Fitch leaves NZ credit rating outlook at negative, external debt still a concern

By Jason Krupp

May 19 (BusinessDesk) – New Zealand’s AA+ credit rating was kept on negative outlook by Fitch Ratings, which said the nation’s high levels of external debt are still a concern.

Fitch said the government’s Budget shows its commitment to aggressively tacking the widening budget deficit and returning state finances to surplus by 2015 through cuts to programmes like Working for Families, student loans, and further reductions in the state sector.

“The deficit was definitely not going to be brought back in line in this budget, that’s more of a medium term issue, and they seem to have stuck to that track to bring it back to balance in that timeframe,” Art Woo, a director at Fitch Sovereign Ratings, told BusinessDesk. “You could make the case that they are doing it a little quicker than expected.”

New Zealand’s operating deficit is forecast to peak out at $16.7 billion in the year ending June 30, falling over the next three years before turning to a surplus of $1.3 billion in the June 2015 year. Core Crown expenses are forecast to rise 5.9% to $77.1 billion in the five years to 2015 while core revenue soars 34% to $76.4 million, the Treasury projections show.

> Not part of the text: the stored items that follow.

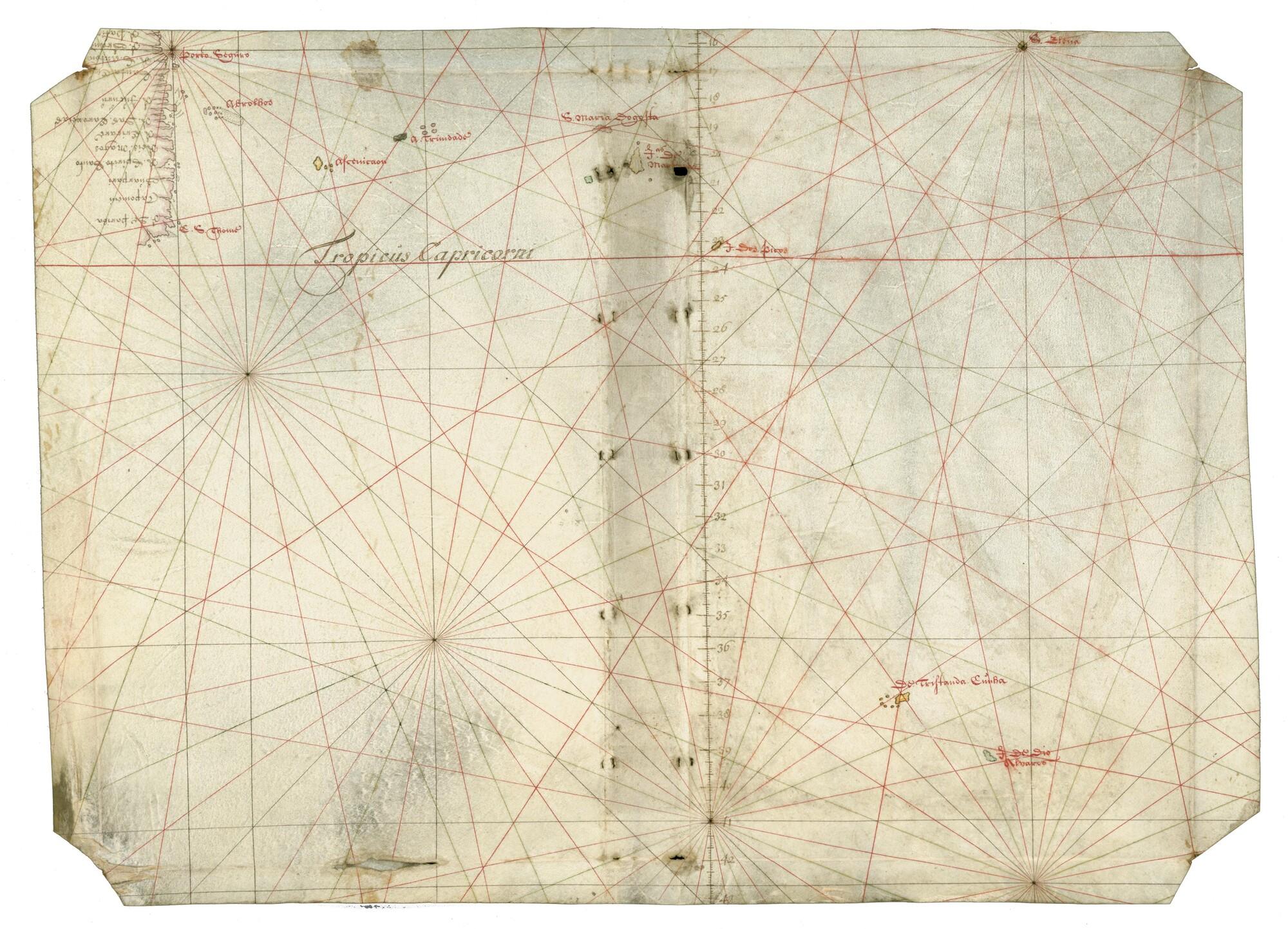Fragment van een zeekaart van de Zuid-Atlantische Oceaan, voor 1731. Deze kaart diende als omslag voor het boek Stuurmans Schoole van Simon Pietersz uit 1658 in de collectie van het Scheepvaartmuseum. De omslag is in 1978 van het boek verwijderd en apart als kaart opgenomen in de collectie (schaal 1 op 10.000.000).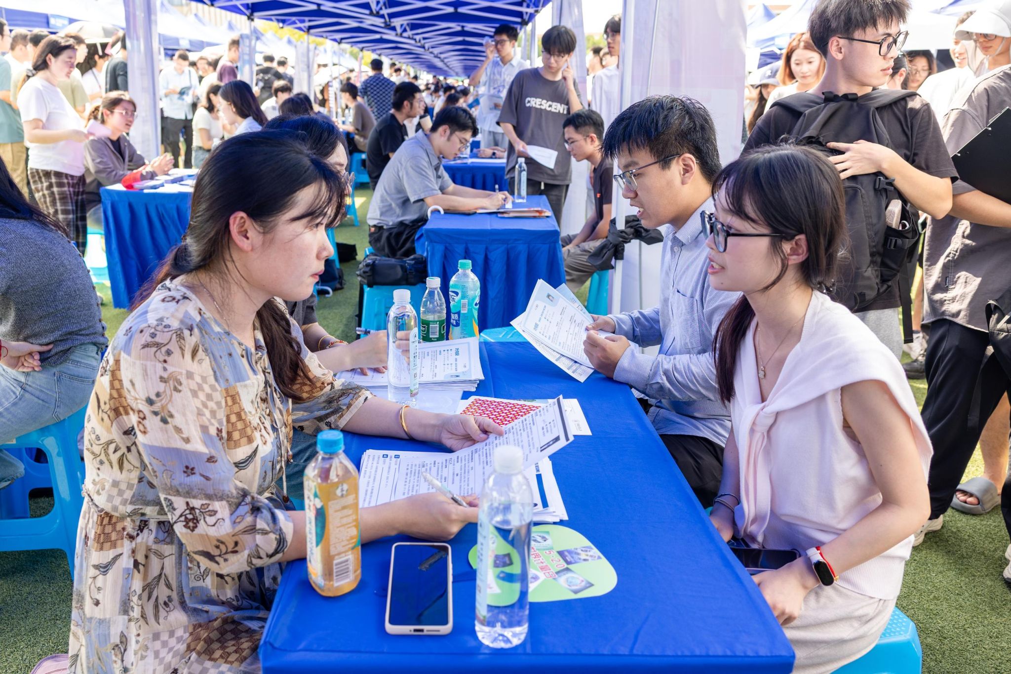 9月19日,2025年“千企万岗 职引未来”中国计量大学秋季大型校园招聘会在学校西区南操场顺利举行。现场人潮涌动,气氛热烈,众多毕业生手持精心准备的简历,积极穿梭于各企业展位之间。校党委书记徐江荣、党委副书记程刚来到现场与企业代表和毕业生亲切交流,详细了解用人需求,鼓励学生积极应聘、理性择业。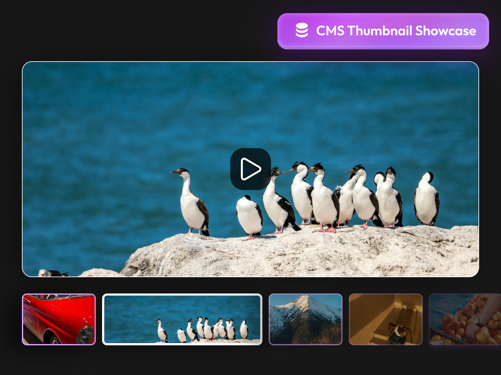 面向 Framer 的全功能视频滑块:支持文件上传、直链 URL 或 CMS 集成的多视频源。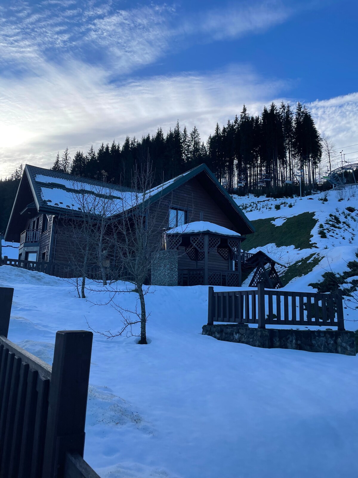 Cómoda casa de madera en los Cárpatos, cerca de la estación de esquí Bukovel. Una cabaña independiente de corte manual, una amplia terraza con excelentes vistas a las cumbres de las montañas Hoverla, Petros, Blyznytsi... Una bañera de hidromasaje al aire libre en nuestra terraza es el mejor reemplazo para una sauna. Chimenea de leña, suelo radiante en los baños, cocina completa con electrodomésticos y vajilla. En la calle hay una parrilla para cocinar al fuego. Y lo más importante: un ambiente inolvidable, soledad, belleza y comodidad.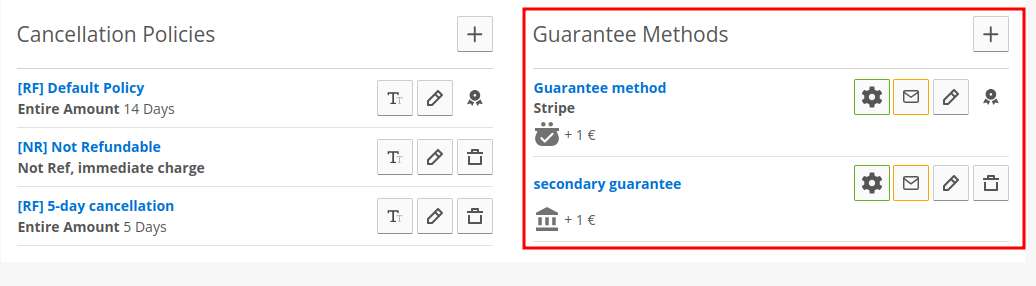 Une Méthode de Garantie définit l'utilisation des données de carte de crédit fournies par les clients pour garantir vos réservations. Zak vous fournit 5 méthodes de garantie de réservation de base, que vous pouvez utiliser pour configurer vos règles de garantie. Vous pouvez en activer plusieurs en même temps dans la même politique :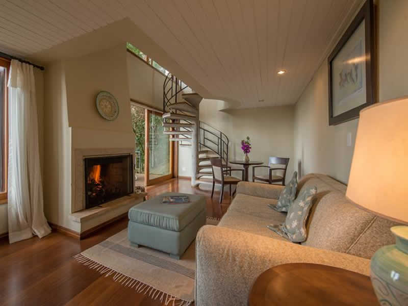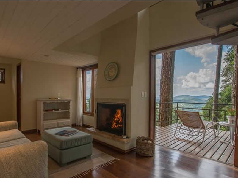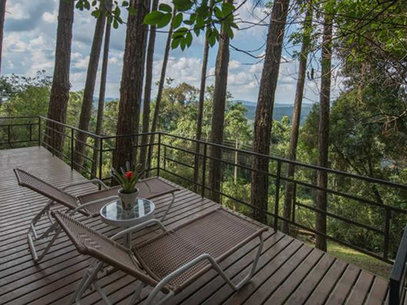 Esta Morada possui 2 andares: No andar superior varanda com Chaise e vista panorâmica / no andar inferior deck com duas espreguiçadeiras.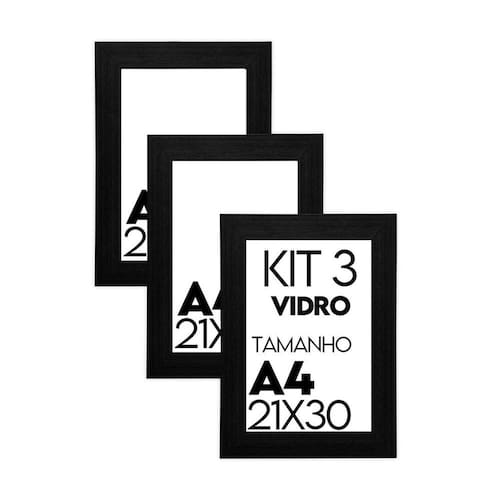 Kit com 3 unidades de Porta retrato de Vidro 21x30cm Tamanho A4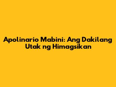 Apolinario Mabini, kilala bilang ang Dakilang Lumpo at ang Utak ng Himagsikan, ay isa sa mga pinakadakilang bayani ng Pilipinas. Guys, pag-usapan natin ang buhay at legacy ng isang taong hindi lamang nagbigay ng inspirasyon sa atin kundi pati na rin naghubog ng kasaysayan ng ating bansa. Si Mabini ay hindi lamang isang pulitiko o isang rebolusyonaryo; siya ay isang pilosopo, isang manunulat, at isang strategist na ang mga ideya ay patuloy na gumagabay sa atin hanggang sa kasalukuyan. Ang kanyang dedikasyon sa kalayaan, katarungan, at pagkakapantay-pantay ay nagbigay-daan sa pagbuo ng isang bansa na hangad na maging malaya at may sariling pagkakakilanlan.

Weekly government borrowing will drop from around $380 million a week at present to $100 million a week in the year ahead.

The comments from Fitch come after Standard & Poor’s put out a statement saying it wouldn’t change New Zealand’s AA+ or negative outlook after the Budget.

Woo said the Budget, while a step in the right direction, did not get New Zealand out of the woods yet, with the high level of external debt remained a major concern for the ratings agency.

Government debt currently stands at about 20% of GDP and is expected to rise to just under 30% by the 2014/15 financial year, a level Fitch does not consider “onerous” when compared to New Zealand’s external debt of $253 billion, or 132% of GDP, according to figures from the Reserve Bank.

“From a broader sovereign ratings perspective, New Zealand’s net external finances remain a source of concern due to low private sector savings and that is really at the heart of the matter,” Woo said. “Efforts to correct the domestic savings and investment imbalance are likely to remain a focus of the government in the medium-term.”

Woo said overall he was happy with the government’s budget, and said further changes to the country’s credit rating would be unlikely before Fitch’s annual sovereign ratings review in the second half of the year, barring exceptional circumstances.